I will quit if I fail to clear appeals in 3 months: New information commissioner

October 1st, 2008 - 12:46 pm ICT by IANS  

New Delhi, Oct 1 (IANS) Shailesh Gandhi, newly appointed information commissioner in India’s Central Information Commission (CIC), has promised to clear all appeals to his office within three months, and to quit if he fails to live up to his promise.”My first and foremost objective is to bring down the pendency of the appeals and complaints at CIC (Central Information Commission that administers the Right to Information Act). Sometimes the appeals come for hearing after 3-6 months and when they come so late, the focus of the applicant gets lost,” Gandhi, who is a well know right to information (RTI) activist, told IANS in an interview.

“My main aim is to tackle that issue effectively. No appeal will stay with me for more than three months. My commitment is to ensure that an order on an appeal is passed within three months,” Gandhi added.

“This is non-negotiable and if I am not be able to do this, I promise to quit the job.”

The announcement of Gandhi’s appointment was made in the first week of September and he was sworn in as an information commissioner Sep 18. RTI activists across the country welcomed the appointment of Gandhi as an information commissioner with the CIC.

According to Gandhi, he will have to set an example for others to follow.

Asked about levying penalties on government officers for violating the RTI Act, Gandhi said: “Imposing a penalty is one way of ensuring the enforcement of the act. I will not levy penalties just for the sake of it.

“Perhaps after the first six months they will be harsher. At the same time, it doesn’t mean that I will be lenient with penalties during the first few months.”

Gandhi also said he would streamline the process of passing orders.

“I will ensure that I will give the written order to both the applicant and the PIO (Public Information Officer who heads the CIC) just after the hearing. This will save both time and resources of the commission, the applicants and the government.”

Asked about complaints of deficiencies in orders, he said: “I will try and ensure that I don’t make mistake in my orders.

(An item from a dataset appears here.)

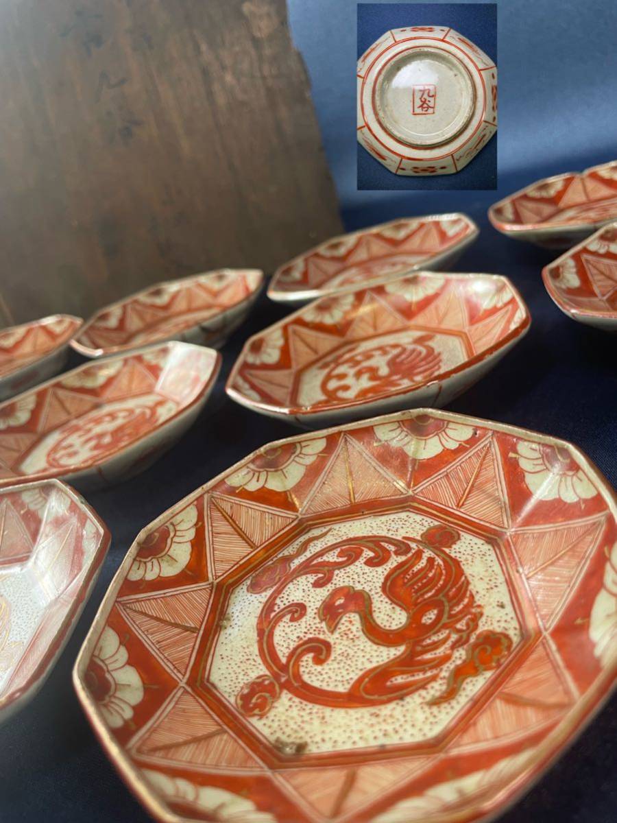 > m6 九谷焼 赤絵 銘々皿 10客 小皿 古九谷 細書 飯田屋 宮本屋 小野 釜 八郎手 蔵出 古美術 骨董 時代物

However, in cases where a deeper understanding of the law is required, I will take time to pass the orders.”

According to Gandhi, his ultimate aim is to ensure that applicants don’t even have to come to the CIC office, barring exceptions, for a hearing.

“I want to strengthen the system so that the commission can pass an order on the basis of what the applicants file,” he added.

Gandhi’s other major role would be to make the people aware of the RTI Act.

“Creating awareness is also an important task of the commission but I will be looking at this after a period of six months, when I am properly settled in my role of an information commissioner,” he said.

“I would also like to contribute through various awareness programmes such as workshops,” Gandhi said.

A number of RTI activists had expressed surprise when Gandhi announced that he would not file RTI applications while he was an information commissioner.

Asked about this, he replied: “I sincerely feel the RTI Act is meant to empower the common citizen. Nothing will happen if I don’t file RTI applications. I just think that being information commissioner, it will not be right on my part to do so.”

“But I am always open to advising people over the issues on which they want to file RTI applications,” Gandhi added.